[Material for the task Boundary: Start]

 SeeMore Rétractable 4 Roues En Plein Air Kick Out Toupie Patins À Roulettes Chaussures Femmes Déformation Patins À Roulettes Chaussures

[Material for the task Boundary: End]
[Material for the task Boundary: Start]

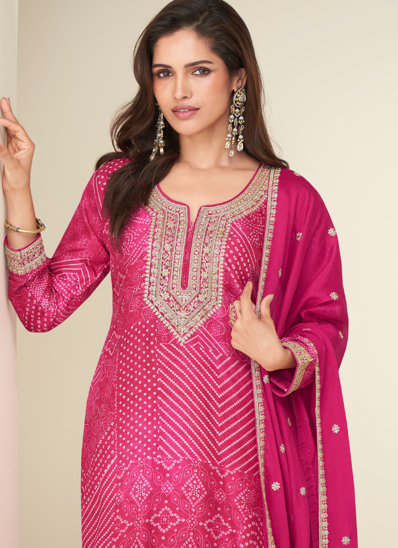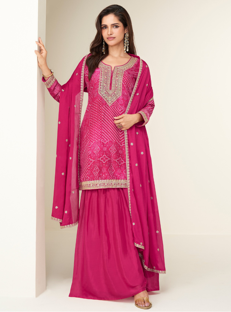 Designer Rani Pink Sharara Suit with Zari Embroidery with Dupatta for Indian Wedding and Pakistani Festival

[Material for the task Boundary: End]
[Material for the task Boundary: Start]

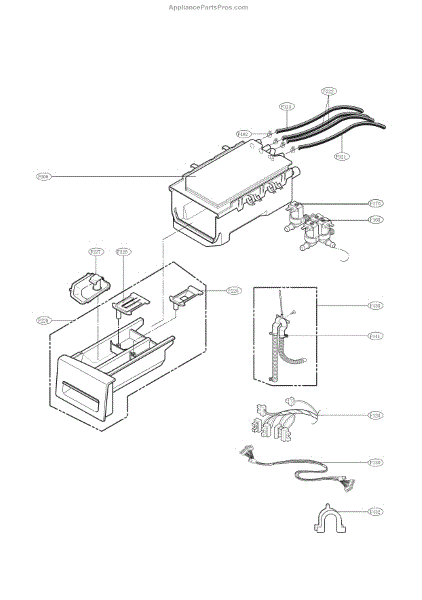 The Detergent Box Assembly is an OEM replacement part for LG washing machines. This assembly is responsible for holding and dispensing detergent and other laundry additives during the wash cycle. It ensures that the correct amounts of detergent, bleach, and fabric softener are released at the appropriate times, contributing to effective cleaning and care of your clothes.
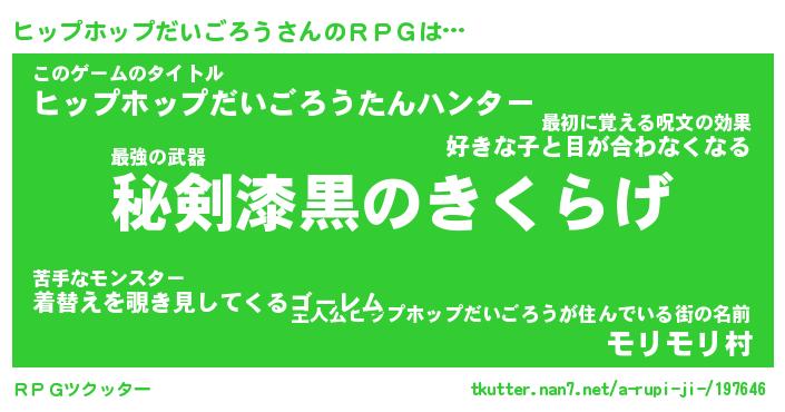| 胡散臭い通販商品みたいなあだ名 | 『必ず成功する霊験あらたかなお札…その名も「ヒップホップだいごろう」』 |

[Material for the task Boundary: End]

• [To do]: A verbatim reproduction is expected: starting at the line above that has "The Detergent Box", ending at the line that has "胡散臭い通販商品みたいなあだ名 | 『必ず成功する霊験あらたかなお札…その名も「ヒップホップだいごろう」』 |", both included, and with no pictures and no other lines.

• [Response to this exercise]:
 The Detergent Box Assembly is an OEM replacement part for LG washing machines. This assembly is responsible for holding and dispensing detergent and other laundry additives during the wash cycle. It ensures that the correct amounts of detergent, bleach, and fabric softener are released at the appropriate times, contributing to effective cleaning and care of your clothes.
| 胡散臭い通販商品みたいなあだ名 | 『必ず成功する霊験あらたかなお札…その名も「ヒップホップだいごろう」』 |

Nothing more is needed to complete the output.